In many cases it’s a question of problems associated with handover between shifts vs problems associated with longer shifts. Even with good note taking, handover attempts pretty much always miss something. In IT environments that I’m more familiar with, this means repetition of troubleshooting steps and general extension of outages.In medical fields, it can lead to further medical complications or death. So it becomes a matter of finding out where the dangers of handover failures get outweighed by the dangers of fatigue.

For other professions, it can sometimes be a matter of trying to min/max shift hours. If you want two people on shift at all times, but not more if you can help it, and you need coverage 24 hours a day, 7 days a week, and want to give everyone 40 hours but not more, what kinds of funky shifts do you start needing?

Anonymous 0 Comments

Heard straight from several corporate VP’s mouths… “Overtime is cheaper than benefits.”
That’s it.
It’s cheaper to work you to death than it is to staff to 8 hour shifts.

Anonymous 0 Comments

Overtime is cheaper than funding a second employee’s social security, 401K or pension, healthcare premiums, unemployment insurance, and personal time.

Anonymous 0 Comments

Garbage man here – anyone operating a vehicle for long period obviously it’s not healthy and eventually becomes dangerous. However, if I’m in one county and my drivers route is in a whole other county, I can’t really afford to have him drive all the way back to home base to trade drivers. Meanwhile another trash truck might be in a third county collecting trash, so I can’t reasonably send a smaller vehicle to take the ‘second shift’ out to meet the trash trucks either. If I’m going to make it to the end of my route and get to the landfill on time with all 5 trucks, the only option I have is to make it 14 hour days. Unless you can buy me another 5 trucks or so and find people with Commercial Drivers Licenses willing to operate them, in which case I’d be happy to give you my left nut.

Anonymous 0 Comments

My husband is a contractor, there is often a lot of time spent on travel to jobsite and setting up equipment. You don’t want to do an 8 hour shift and spend only 4 hours building.

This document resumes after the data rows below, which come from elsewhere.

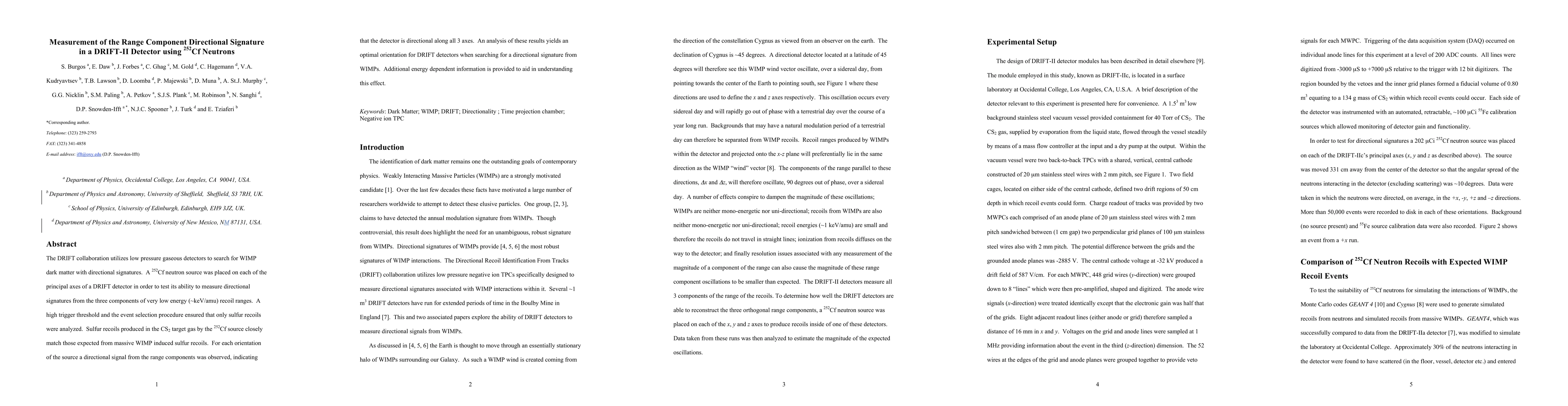 A study using a DRIFT detector found that it can measure directional signatures from WIMP dark matter candidates with optimal orientation along all three axes. The detection relied on analyzing the range component of neutron-induced sulfur recoils.
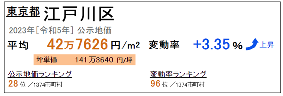 2023年(令和5年)發布的最新公示地價顯示,東京都江戶川區的地價為平均每平方米42萬7626日元,每坪地價平均為141萬3640日元,坪價格日本全國排名第28位。地價較去年上漲+3.35%,在日本全國變動率排名第96位。
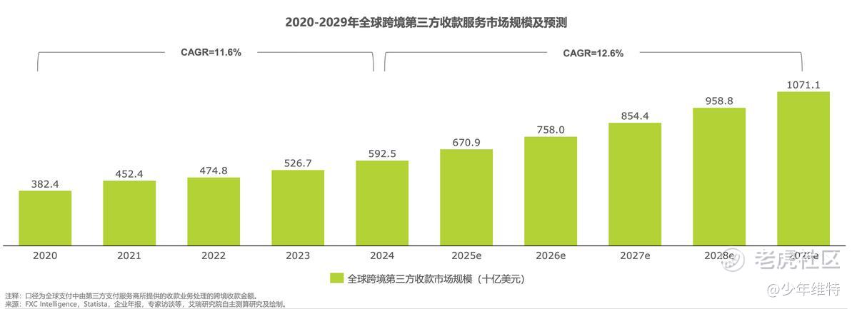 艾瑞咨询报告显示,2024年全球跨境第三方收款市场规模约6000亿美元,预计到2029年将突破1万亿美元。其中,中国跨境电商出口依然是主力——无论是独立站、亚马逊卖家还是供应链代工厂,都在找更快、更便宜的收款方式。
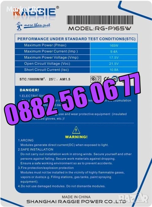 Предлагаме соларни фотоволтаични панели марка Raggie с мощности от 10W до 380W
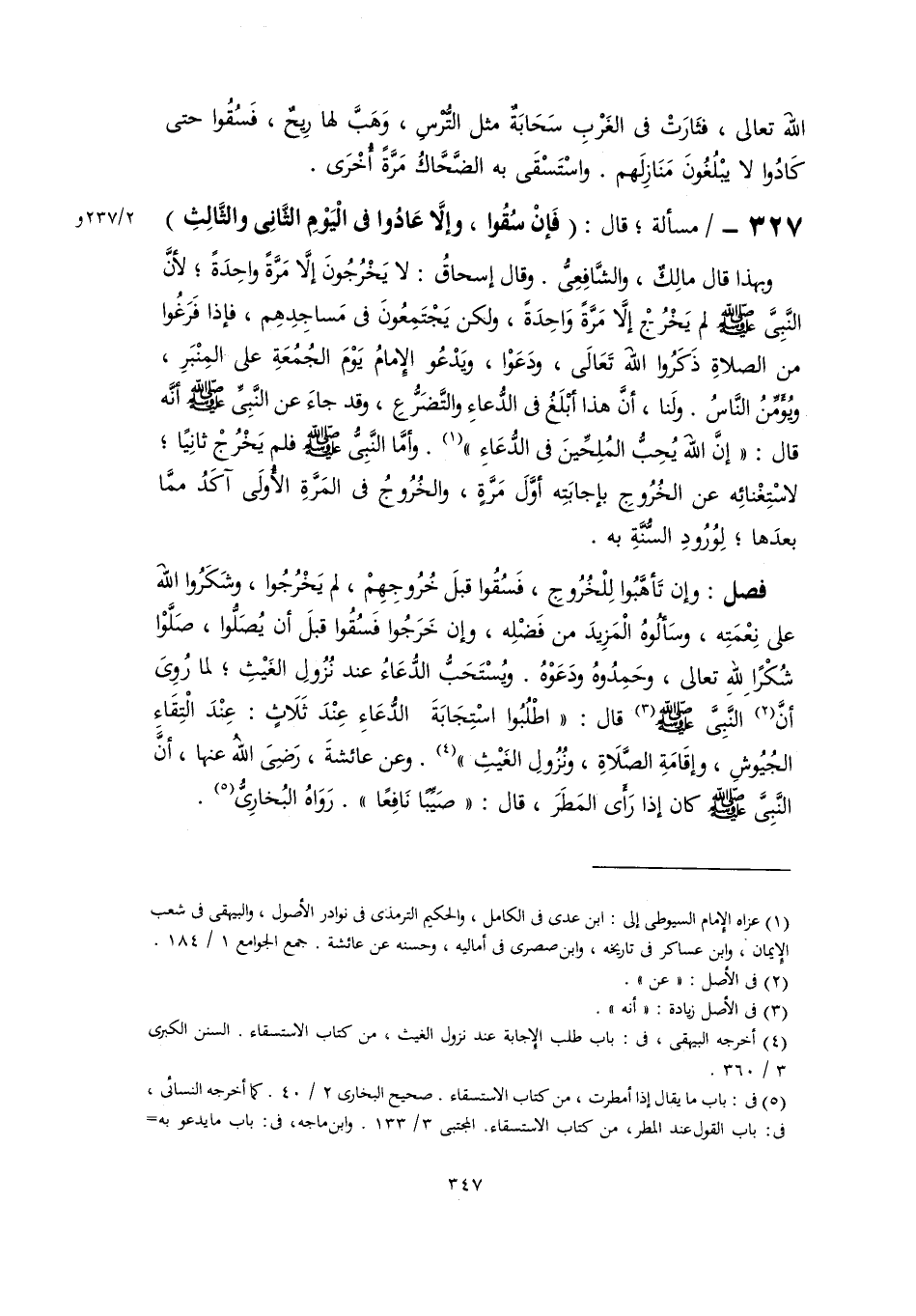 وبهذا قال مالِكٌ، والشَّافِعِىُّ. وقال إسحاقُ: لا يَخْرُجُونَ إلَّا مَرَّةً واحِدَةً؛ لأنَّ النَّبِىَّ -صلى اللَّه عليه وسلم- لم يَخْرُجْ إلَّا مَرَّةً وَاحِدَةً، ولكن يَجْتَمِعُونَ في مَساجِدِهِم، فإذا فَرَغُوا من الصلاةِ ذَكَرُوا اللهَ تَعَالَى، ودَعَوْا، ويَدْعُو الإِمامُ يَوْمَ الجُمُعَةِ على المِنْبَرِ، ويُؤَّمِّنُ النَّاسُ. ولَنا، أنَّ هذا أبْلَغُ في الدُّعاءِ والتَّضَرُّعِ، وقد جاءَ عن النَّبِيِّ -صلى اللَّه عليه وسلم- أنَّه قال: "إنَّ اللَّه يُحِبُّ المُلِحِّينَ في الدُّعَاءِ" (١). وأمَّا النَّبِىُّ -صلى اللَّه عليه وسلم- فلم يَخْرُجْ ثانِيًا؛ لاسْتِغْنائِه عن الخُرُوجِ بإجابَتِه أوَّلَ مَرَّةٍ، والخُرُوجُ في المَرَّةِ الأُولَى آكَدُ ممَّا بعدَها؛ لِوُرُودِ السُّنَّةِ به.
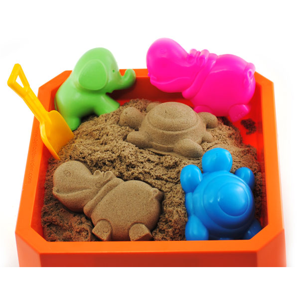 Kinetic Sand похож на мокрый пляжный песок, но в то же время он мягкий и пушистый, и течет сквозь пальцы, оставляя при этом руки чистыми и сухими. Kinetic Sand не рассыпается как обычный песок и очень легко собирается даже если попадет на ковер.
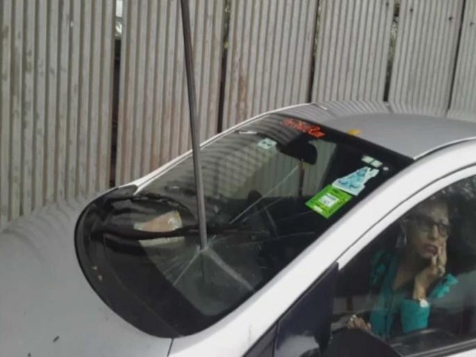 मुंबई - जोगेश्वरी परिसरात बांधकाम सुरू असलेल्या इमारतीवरून कारवर लोखंडी राॅड पडल्याची दुर्घटना घडली. या दुर्घटनेत गाडीतील फॅशन डिझाइनर महिला थोडक्यात बचावली आहे. या घटनेचा फोटो सोशल मिडियावर मोठ्या प्रमाणात व्हायरल होत आहे. कारवर काही इंचावर हा राॅड पडल्याने महिला बचावली आहे. वाहतूक पोलिसांनी घटनास्थळी धाव घेत तो राॅड कारवरून हटवला.
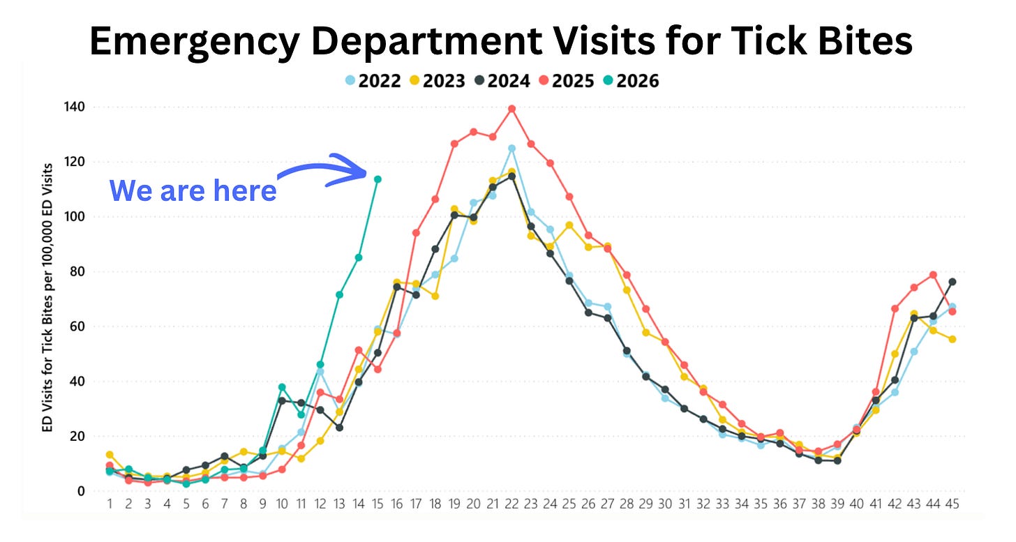 Well, it wasn’t a blip. Tick season really is off to an unusually bad start. Emergency department visits for tick bites are running at roughly 114 per 100,000 people per week, nearly triple the typical rate at this time of year (44 per 100,000). The Northeast is bearing the brunt of it, with the Midwest running a close second.
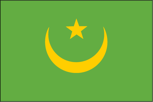Le drapeau mauritanien a les couleurs suivantes : jaune et vert. Il se caractérise notamment par une demi-lune surmontée d’une étoile à 5 branches sur fond vert.
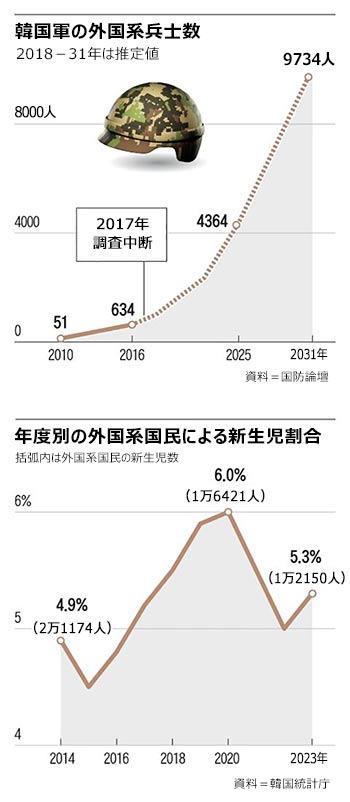 それに加え、国際結婚の増加に伴い、韓国社会が国際化するにつれ、両親の片方が外国人であるか、両親ともに外国出身で韓国に帰化した外国系兵士が増加している。兵役法が改正された2010年に51人だった外国系兵士は2018年に1000人を突破した。現在では数千人に上ると推定される。問題は「増加傾向」にあるという事実しか分からず、正確な数字さえ集計されていないことにある。
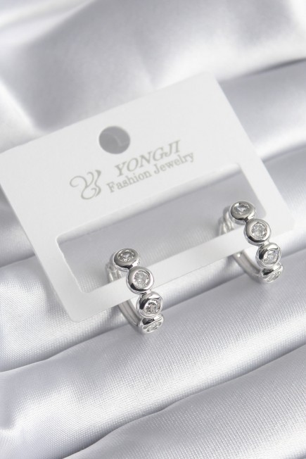 Pirinç Gümüş Renk Zirkon Taşlı Kadın Küpe - 253003
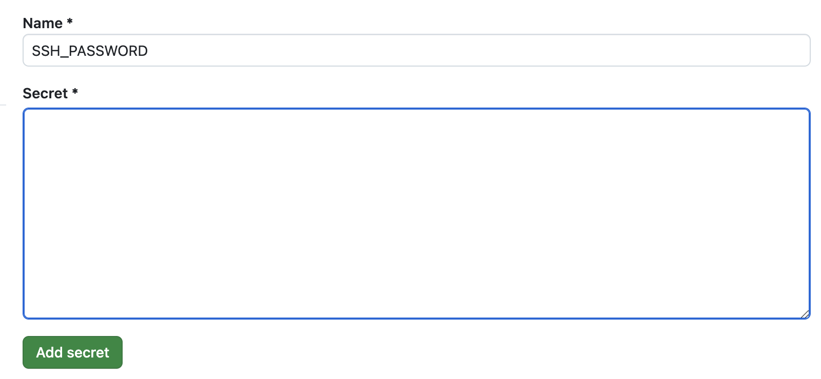 레포지토리의 setting -> Secrets and Variables -> Actions -> New repository secret 이동 후 아래 클라우드 서버에 접속하기 위한 비밀번호 입력, 이러면 이제 github action에서 안전하게 비밀번호를 사용할 수 있다.
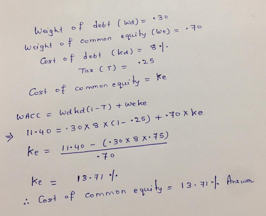 Pearson Motors has a target capital structure of 30% debt and 70% common equity, with no preferred stock. The yield to maturity on the company's outstanding bonds is 8%, and its tax rate is 25%. Pearson's CFO estimates that the company's WACC is 11.40%. What is Pearson's cost of common equity? Do not round intermediate calculations. Round your answer to two decimal places.
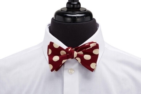 A maroon and white polka dot Perry Ellis brand bow tie, owned by Steve Jobs
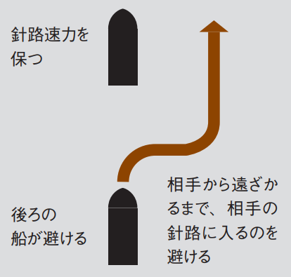 そして追い越しの場合は、後ろから追い抜く側が避けるのが決まりです。追い越される側は急に針路を変えず、一定の動きを保つことで、安全に追い越すことができます。
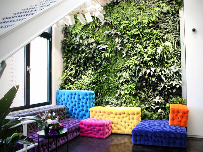 Không gian làm việc vô cùng đẹp mắt, chan hòa ánh sáng chính là niềm cảm hứng dành cho nhân viên của Instagram mỗi khi làm việc. Ở một góc văn phòng với một tường cây xanh trải dài được để những chiếc ghế đầy màu sắc dành cho nhân viên thư giãn.
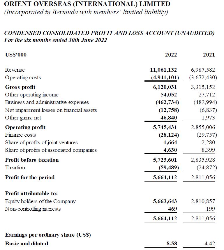 Orient Overseas (International) Limited (“OOIL”) today announced a profit attributable to equity holders of US$5,663.6 million for the six-month period ended 30th June 2022, compared to a profit of US$2,810.9 million for the same period in 2021.
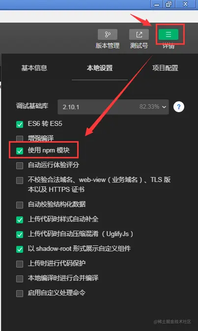 最后,需要在详情中勾选使用npm模块的选项。如图所示:
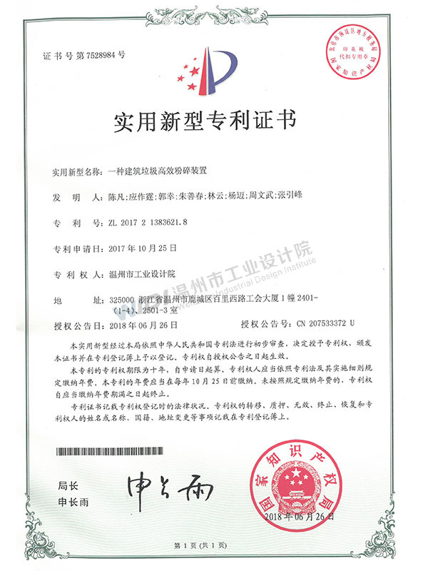 一種建筑工程用斷橋鋁合金門窗無塵鉆孔機(jī)證書
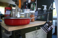 Something as simple as a new red frying pan shouldn’t get me so excited, but it has. Not only will it fit into EVERY drawer in my van, it’s perfect for the kind of cooking I do. I can get a perfect pancake, one fried egg, a pork chop or a hamburger cooked quickly and with less heat than a larger pan. Easy to clean, compact, RED and well made, this is my favorite purchase of the month. There’s a handle with a slot for a carabiner so I can hang it rather than put it in a drawer. It’s enamel - easy to clean, and it’s heavy enough to tolerate the heat of a campfire. It’ll heat quickly on sterno or my alcohol or propane stoves and I can clean it with a paper towel. All for $10 at Bed-Bath-and-Beyond.
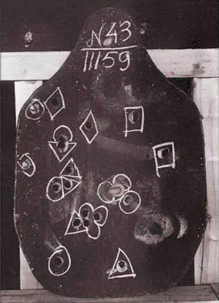Характер поражения экрана составной брони с лицевой стороны (слева) и с тыльной стороны (справа) при стрельбе с дистанции 100 и 200 м по нормали и под углами 20, 25 и 30° (круг – 200 м по нормали, треугольник – 100 м, 30°, квадрат – 100 м, 25°, ромб – 100 м, 20°). Государственные испытания на заводе №207, август 1943 г.
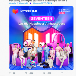 对此,SEVENTEEN也表示,“拍摄Lazada‘双11’MV是一次有趣且令人难忘的经历,我们很高兴能作为即将到来的 Lazada 11.11 超级秀的一部分参与演出。 作为东南亚领先的电子商务平台Lazada的区域幸福大使,我们期待与大家一起创造更有意义的体验,也请大家一如既往的继续支持Lazada和SEVENTEEN!”
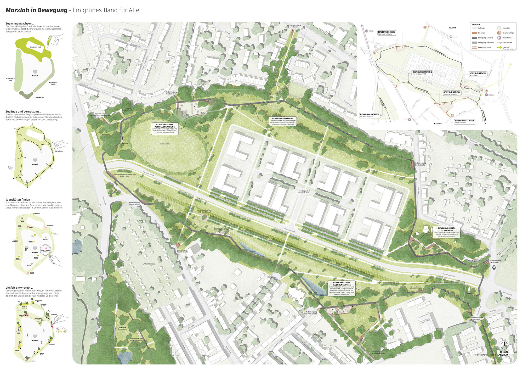 Ziel der Planung ist es, die fragmentierten Bereiche in einen Kontext zu setzen und diese entgegen einer weiteren Überformung des Areals sensibel weiterzuentwickeln. Der Bewegungsparcours schafft den übergeordneten Rahmen des Friedrich-Parks und führt ihn künftig thematisch zusammen. Mehrere Eingänge dienen als Trittsteine aus den Nachbarschaften auf den umlaufenden Wegeloop.
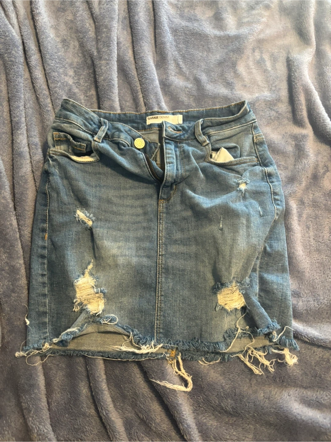 Garage Denim skirt in a distressed blue wash. It's a size XS. This skirt features ripped detailing and a raw hem for a trendy look.
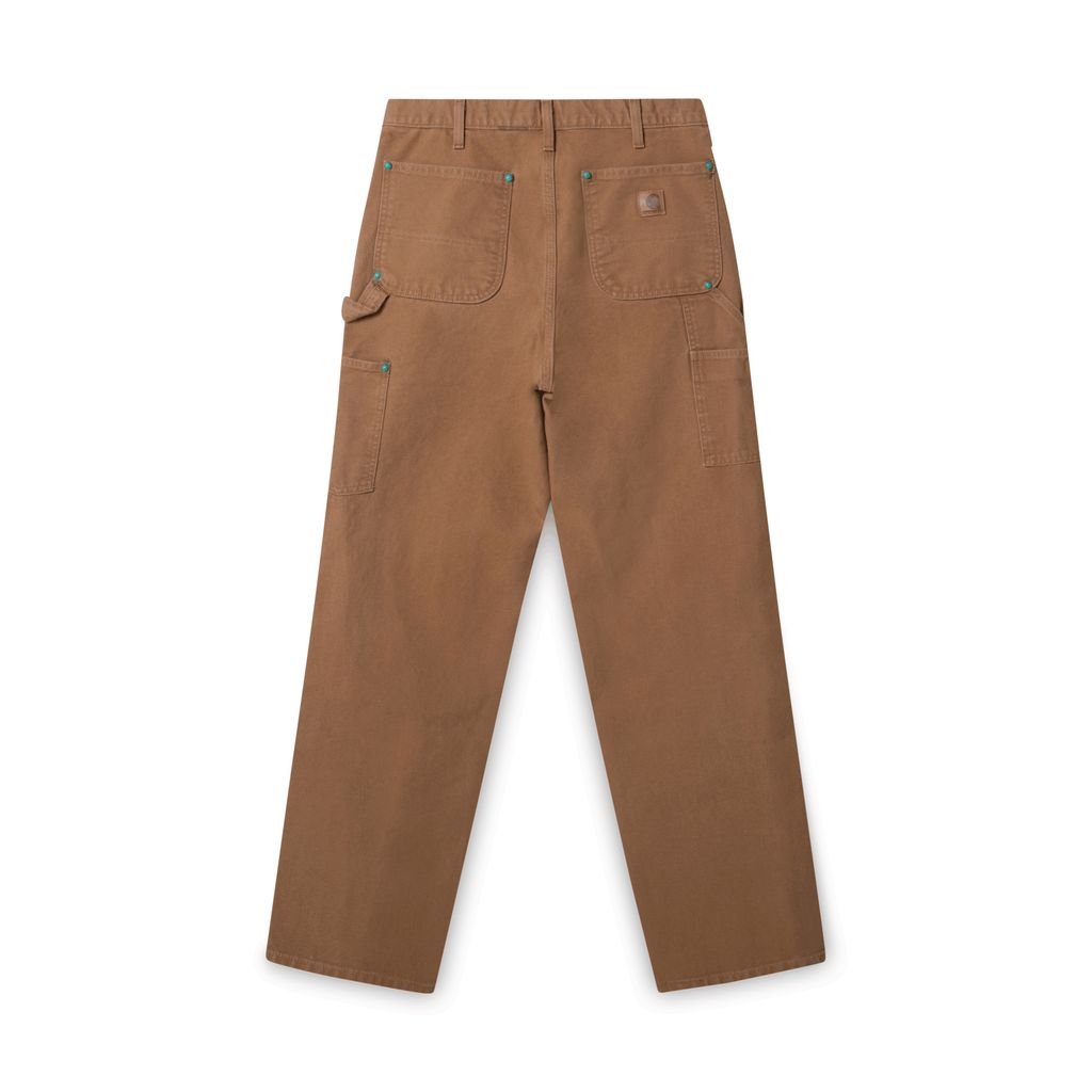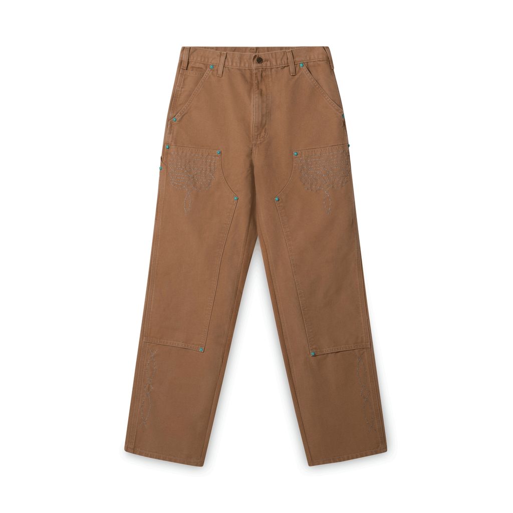 Deadstock Carhartt double knee pants with stone rivet replacements and handstitched cowboy medallion embellishments. All pants have been custom treated to give a worn-in look and soft texture, as well as having been reconstructed with a slightly looser fit and gentle taper below the knee. Pants may feature tonal stitch repairs and reinforcements at particular stress points.

You want to get the max project hours out of your effort, so you do a 10 hour shift (or more).

Anonymous 0 Comments

Sometimes you have to figure in setup/takedown times. A welder might spend an hour each day not being directly productive. Four ten hour days results in more total productive hours than five eight hour days even though the same number of hours were worked.

Anonymous 0 Comments

My old job requires working in other states, out of a hotel room. Food, travel and lodging were paid for by the client. So you’d work as long of days as possible, without days off. It was to both the client and employees benefit.

As an employee, you get home sooner. The bonus was overtime pay. As a client, you paid less for associated costs of labor.

The kicker is when you come home and they send you right back out to another job. 3 weeks straight was about my max before my mind and body started producing negative returns.